Born in 1880 in Yorkshire, England, Ida Caroline Ward was the eighth child of Samson and Hannah Ward , and received her early education in her hometown of Bradford. After attending the Darlington Training College, she went on to graduate from Durham University with a bachelor's degree in 1902.
Ward taught secondary school for 16 years before entering the phonetics department of London's University College in 1919 and becoming an expert in the major European languages. Her interest in African languages grew into a specialty and in 1932, after joining the staff of what later became London University's School of Oriental and African Studies, she earned a doctorate from that institution on the strength of her scholarly research, published as Phonetic and Tonal Structure of Efik. Her study focused scientifically on the tonal importance of African language, a subject she pursued further with the groundbreaking Introduction to the Ibo Language, published in 1936. A year later, Ward was appointed head of the university's new department of African languages and cultures. From its humble beginnings, Ward established the department as an internationally recognized center for research on Africa, which was consulted by numerous missionary, educational and governmental bodies. Although Ward engaged herself in instructing English colonial officers to the African cultures they were to govern, she also taught Africans how to study their own language to perpetuate the scholarly study in African universities. She was instrumental in the development of the International African Institute's Handbook of African Languages, and her other scholarly works, Practical Phonetics for Students of African Languages (1933) and Introduction to the Yoruba Language (posthumously published in 1952), were no less important to the field.
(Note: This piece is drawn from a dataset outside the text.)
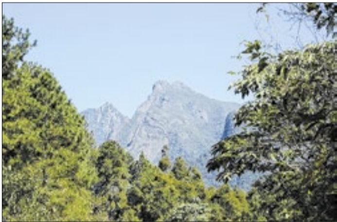
Serrinha do Alambari, um dos destinos mais procurados

England officially recognized Ward's numerous contributions to language study by making her a Commander of the British Empire in 1948, the same year she officially resigned her chair at the university and began a tour of American learning institutions. Ward lived with her widowed sister and passed away in Guildford, England, on October 10, 1949.
sources:
The Dictionary of National Biography, 1941–1950. Edited by L.G. Wickham Legg and E.T. Williams. Oxford: Oxford University Press, 1959.